A Common-Sense Guide to Data Structures and Algorithms – Part 7

This week we covered chapters 13 and 14 of A Common-Sense Guide to Data Structures and Algorithms, 2nd ed. by Jay Wengrow (link). I’ve been coding along in Python on my Github.

Our topics today were Quicksort and linked lists.


Recursive Algorithms for Speed

  • There are many ways to choose the pivot during partitioning (e.g., first, last, middle, random). Ideally you want a pivot that evenly partitions the list.
  • An important aspect of partitioning: After partitioning, the pivot is now in its proper place.
  • I’m sure this can be brushed aside because Big O is about magnitude, but technically Quicksort is O(N log_2 N). It’s base-two because you make two sublists and sort them.
  • Regarding the worst-case for Quicksort (i.e., an already sorted list), there are heuristics for this to make it O(N). Count the number of swaps during the partition; if it’s zero, you’re done. Another one is to do a check to see if the list is already sorted, which is O(N).
  • I’d never heard of Quickselect before; Houston hadn’t either. Basically you only keep looking in areas of the array you care about — ignore everything else, as there’s no need to process it.
  • The Big O of Quickselect being O(N) I think is a geometric series — N + N/2 + N/4 + N/8 + …
  • Merge sort is useful for sorting linked lists (i.e., no locality of reference where the N+1th element is one cell to the right of the Nth element).
  • Houston spent more time than he planned coding up the exercises in this section.
  • Necklace: the last node of a linked list points to the first
  • Something that helped Dennis understand Quicksort was this dance video.

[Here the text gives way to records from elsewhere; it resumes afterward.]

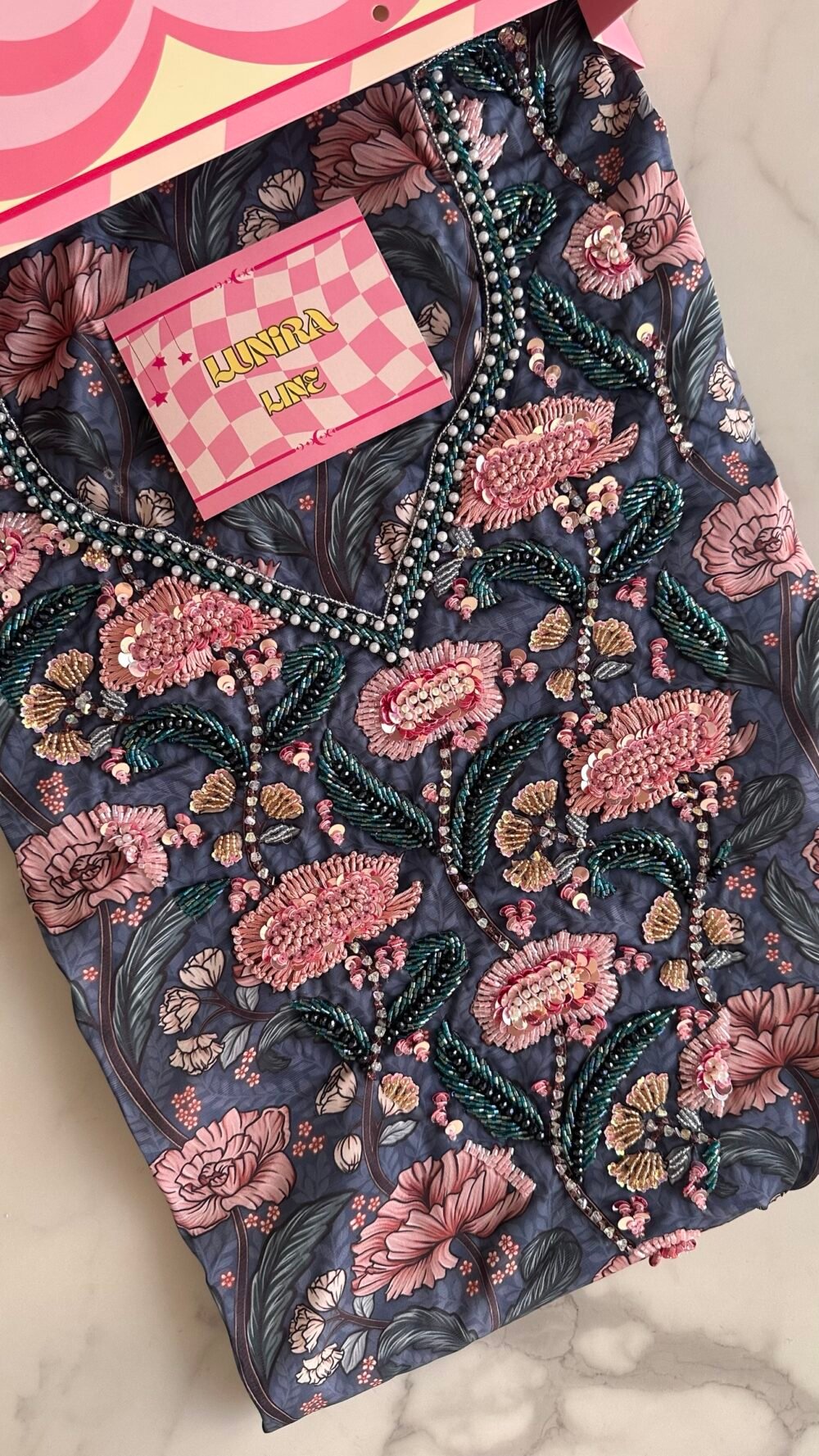لقماش حرير إيطالي، الخوار خرز شك يدوي ولولو وفولك و خيوط نايلون بدقة عالية .طول القماش 3.5 وار، و طول العرض عرضين. قياس الرقبة 7.5 انش طول في 7.5 انش عرض
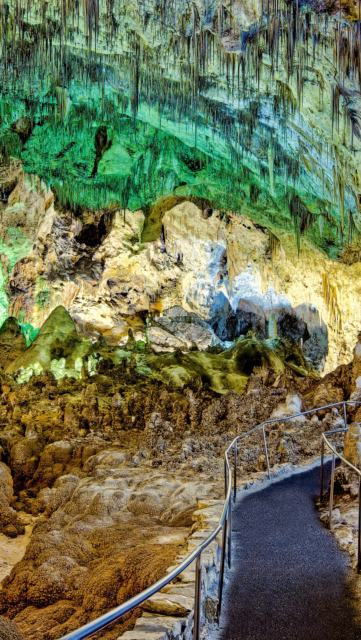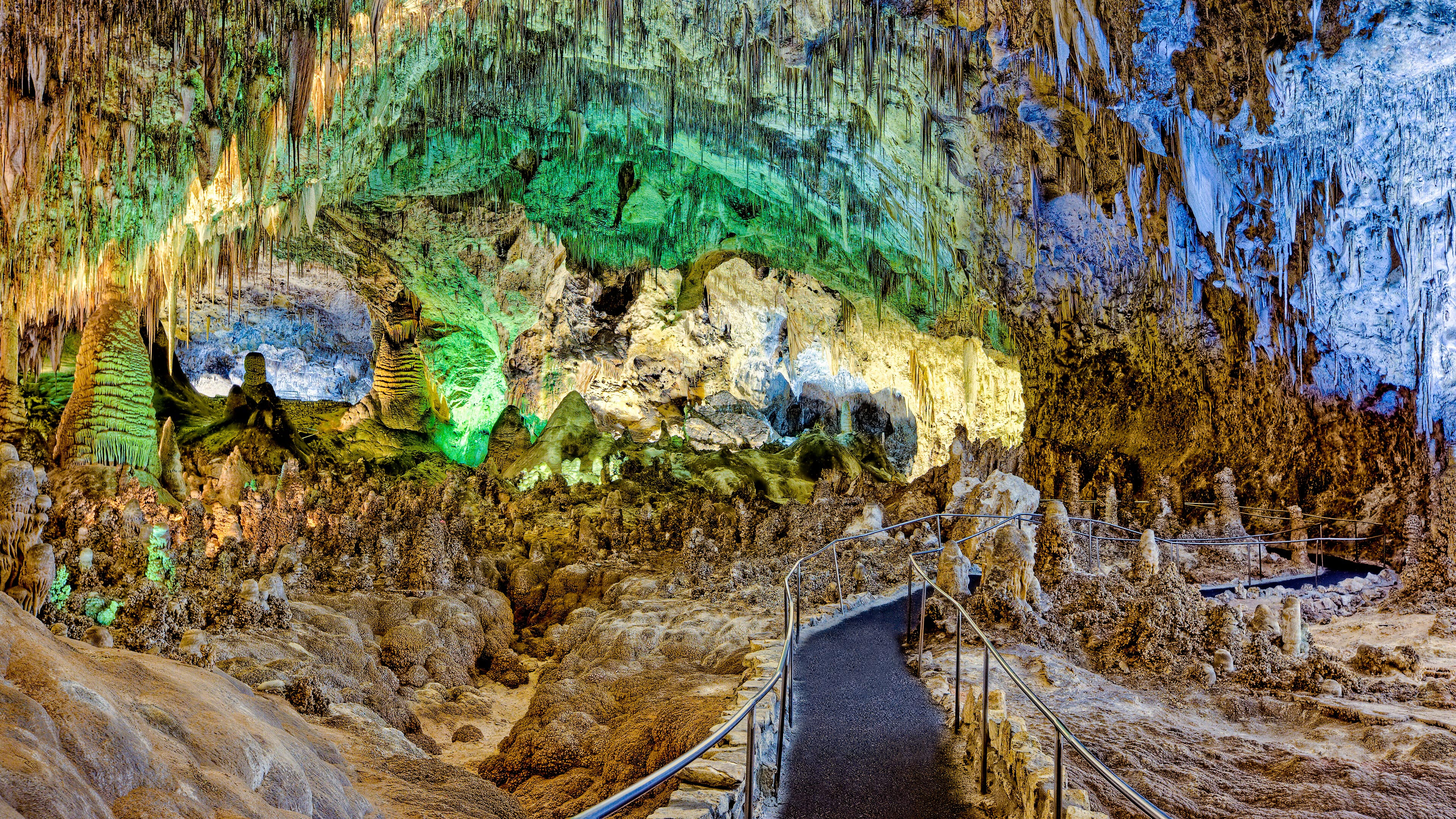 A breathtaking 4K wallpaper showcases the vast Big Room of Carlsbad Caverns, with an illuminated walkway winding through an immense chamber of geological formations. Vibrant spotlights cast ethereal greens, yellows, and blues across countless stalactites, stalagmites, and flowstones, creating an otherworldly and awe-inspiring subterranean landscape.
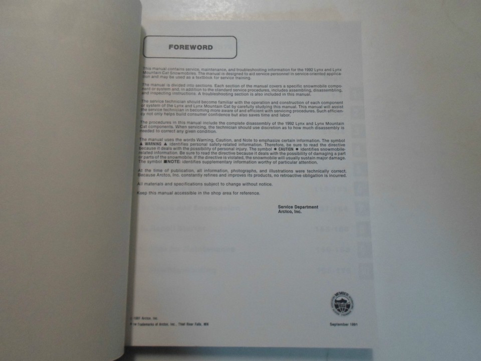 1992 Arctic Cat Snowmobile Lynx Mountain Cat Service Repair Shop Manual 92x
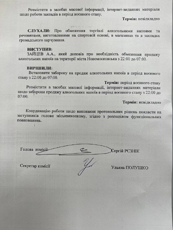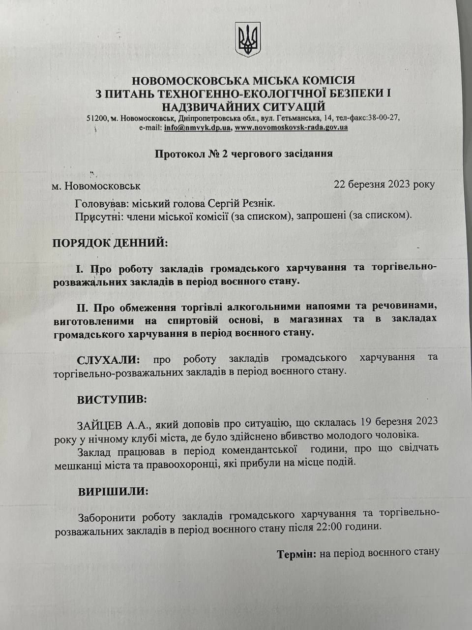 Тепер усі розважальні заклади у місті мають завершувати свою роботу о 22:00, тобто за годину до настання комендантської години. Крім того, на період воєнного стану у Новомосковську заборонено продаж алкогольних напоїв з 22:00 до 7:00.

Node-Based Data Structures

  • One of the most powerful attributes of linked lists is the O(1) insertion and deletion — no need to shift elements.
  • Dennis shared an analogy… Arrays are like contiguous seats in a movie theater.
  • I think the author buried the lede about doubly-linked lists being good for queues and stacks. So basically, linked lists as just lists aren’t super useful, but as specific types of lists they are.
  • Exercise 4: My first approach is to build a new list by iterating over the original one backward. Then return the pointer to the new list’s head node. Alternatively, you could use an array/list to make note of all the pointers, then iterate over that array backward to rewrite the pointers in the original list. (I like the book’s simpler approach of only needing to keep track of previous, current, and next.)
  • Houston thought about using recursion for Exercise 4 without much success.
  • Exercise 5: I didn’t know how to do this one. The trick is you copy the next node into yourself and link yourself to the node that comes after it then delete the next node.
  • I learned that Python has no bottom-tested loops (e.g., do-while).